Friday, May 25, 2007
The Topps Company, Inc. yesterday announced that it had received a $416 million offer from The Upper Deck Company, to acquire Topps for a price of $10.75 per share. Both Topps and Upper Deck are in the trading card business; Topps also makes Bazooka bubble gum. Topps currently has an agreement to be acquired by a group consisting of The Tornante Company LLC and Madison Dearborn Partners, LLC for $9.75 per share in cash. The Tornante Company is headed by former Disney CEO Michael Eisner.
The Tornante led bid was opposed by three of the 10 members of Topps's board and hedge fund Crescendo Partners II, which says the offer undervalues the company. Topps initial agreement had a 40-day go-shop provision, and Topps disclosed in its press release that it had rejected an indication of interest previously made by Upper Deck during that time period. Topps had previously identified Upper Deck in its proxy statement for the transaction only as a competitor. The disclosure of Topps on this point is actually a bit funny:
On April 12, 2007, prior to the expiration of the go-shop period, one of the potential go-shop bidders, who is the principal competitor of our entertainment business, submitted a non-binding indication of interest to acquire Topps for $10.75 per share, in cash. Lehman Brothers called this interested party on the first day of the go-shop period, and numerous times during this period, for the purpose of soliciting and/or assisting them with the development of their bid for Topps. Lehman Brothers’ calls were infrequently returned . . . . .
One hopes it wasn't because of this that a deal was not reached. Topps response to yesterday's offer was similarly tepid:
[Topps's] Board of Directors noted that there are material outstanding issues associated with Upper Deck's latest indication of interest, including, but not limited to, the availability of committed financing for the transaction, the completion of a due diligence review of the Company by Upper Deck, Upper Deck's continued unwillingness to sufficiently assume the risk associated with a failure to obtain the requisite antitrust approval and Upper Deck's continued insistence on limiting its liability under any definitive agreement. Upper Deck's present indication of interest was accompanied by a highly conditional "highly confident" letter from a commercial bank.
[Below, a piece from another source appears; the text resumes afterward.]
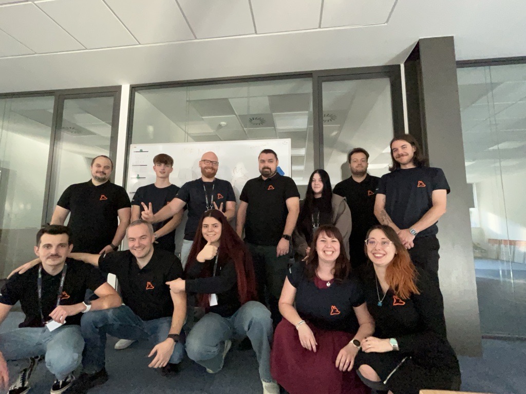 (This is a part of the Brno team right after our new fox merch arrived. And yes, we often get asked "That's a cool shirt, what brand is it?" We have one for you as well if you join our team. 😉)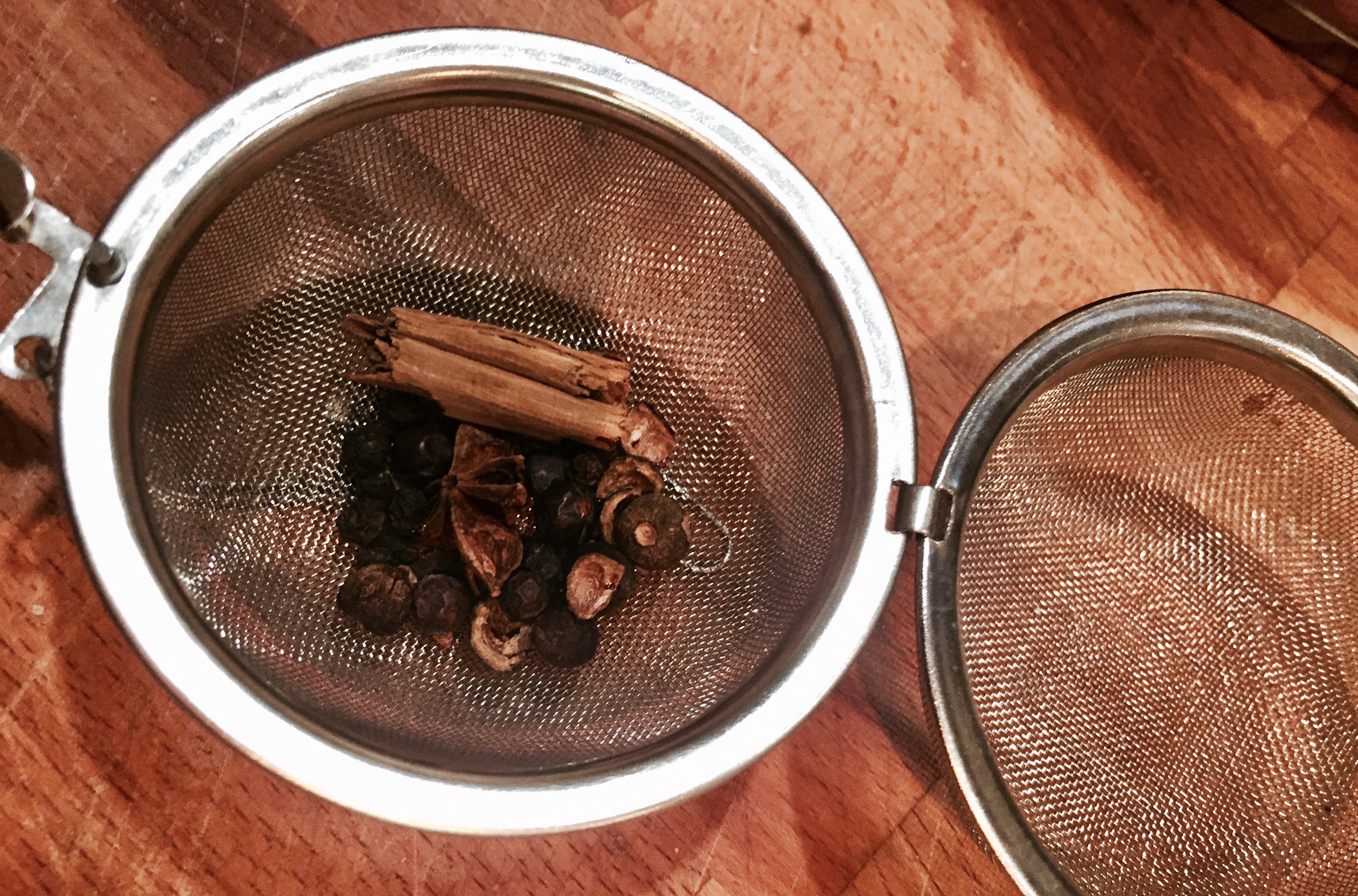 1 Lobeerblatt, 5 Pigmentkörner, 3 Wacholderbeeren, einige Zimtsplitter, 1/2 Anisstern und eine 1/2 Vanilleschote

I'm usually skeptical of private equity buy-outs and target attempts to put the fix in on a chosen acquirer. This is particularly true here where both board members and shareholders have complained of the offer price. Still, Topps may be justified in its own skepticism. A deal between Topps and Upper Deck apparently has substantial antitrust risk. Upper Deck's bid may therefore not be a "true" bid but rather an attempt for Upper Deck to gain access to its main rival's confidential information. In addition, a deal for Topps by Upper Deck would apparently require approval by Major League Baseball. Moreover, the financing for this deal does appear to be uncertain. In this day of cheap and easy credit the best Upper Deck could obtain from its lenders was a "highly" confident letter. This is a 1980's invention of Michael Milken; bankers issue these letters for deals that are riskier and financing uncertain. Instead of a firm commitment letter, they therefore state they are "highly" confident that financing can be arranged. So, if Topps has a firm deal on the table the extra money being offered here by Upper Deck might not be worth it given the deal completion risks and possible harm to Topps if it permits a competitor to review its confidential information. Still, Upper Deck's offer is a nice negotiating tool with the current buy-out group even if a deal is not possible. Topps shares rose 48 cents, and closed at $10.26 yesterday, so the market presumably agrees.
Thursday, May 24, 2007
The rumors yesterday that BHP Billition was to be a white night for Alcan with respect to Alcoa's pending $28 billion offer to acquire Alcan, had me thinking about M&A nirvana: the Tri Listed Company. BHP Billion is a dual listed company. A DLC structure is a virtual merger structure utilized in cross-border transactions. The companies do not actually effect an acquisition of one another, but instead enter into an unbelievably complex set of agreements in which they agree to equalize their shares, run their operations collectively and share equally in profits, losses, dividends and any liquidation. In the case of BHP Billiton, this structure involves Billiton, an English company, and BHP, and Australian company.
If BHP Billiton were to acquire Alcan, it could do so by adding a third leg with Alcan and forming the world's first tri listed company. The agreements to do this would reach new levels of complexity (hence my thoughts of M&A nirvana), and the operation of the company could become a bit complex to say the least. For example, the shareholder meeting for the company would have to last almost 24 hours in order to encompass meetings on three continents for three companies. But the structure is feasible. Thomson, a Canadian company, and Reuters, an English company, showed its viability by recently agreeing to combine using this structure in the first English/Canadian DLC (see my blog post on this here). The Australian element should be able to fit within this framework.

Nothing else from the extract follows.